Another thing I liked is the descriptions of the "creature" that the eye created. That was grotesque, but it fit the nature of the genre. Your descriptions weren't too little that it left me wondering what was going on. It was enough so that I was grossed out (in a good way) and wasn't left out. The way you presented it also gave a surreal quality to the piece, similar to how Sven was feeling - though without the pride, haha.
Thanks for the read!
| Jalux chapter 1 . 6/23/2015
I liked the opening, the line of more mole then man suggests an interesting past and a very unique character which we do get. I think it works well for drawing the reader in. I also think it's an interesting world you've crafted, there just seems to be a lot of mystery hidden in it and more stories that could be told. The ending was expected for me given I've read a couple of your works, it's not bad and it's certainly fits with his character. Still I almost want something less tragic sometimes...
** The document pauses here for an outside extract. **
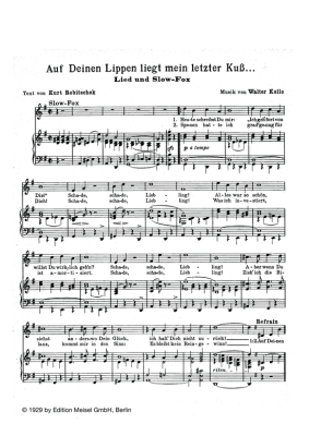 Auf Deinen Lippen liegt mein letzter Kuss - Noten für Klavier und Gesang Lied und Foxtrott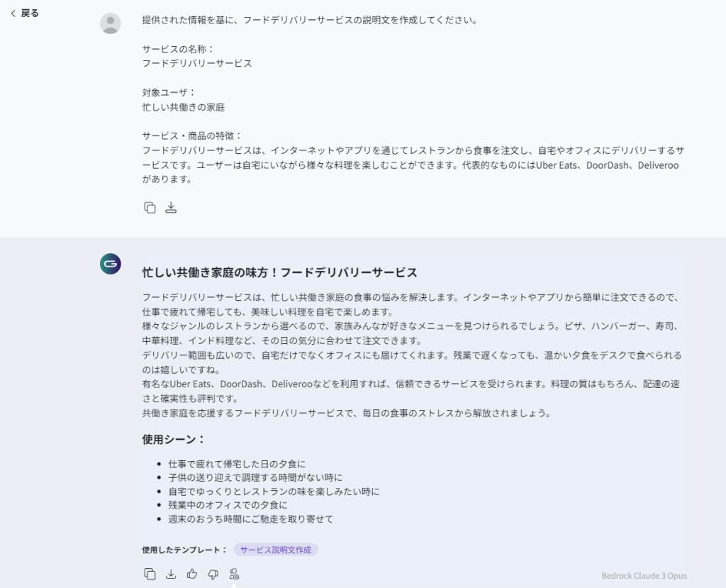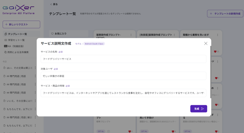 今回は、「サービス説明文作成」テンプレートのデモンストレーションを紹介します。

| Cheddar-Graham chapter 1 . 6/23/2015
Wow, that was a great read! To quote the Black Eyed Peas, it was Boom Boom Pow all the way, haha...
Okay, so I like your descriptions. They're very Gothic in spite of the futuristic setting. Particularly loved the bit with the thousand arms and the thousand voices. It made me think of a grand finale from an opera somehow.
I like the MC too. He's like the Phantom of the Opera mixed with Jack the Ripper, kind of. That description of him as a mole was somehow endearing, though his penchant for instant removal of body parts is of course creepy to the max. I think he fits perfectly into the crazy ruined world that you're got there.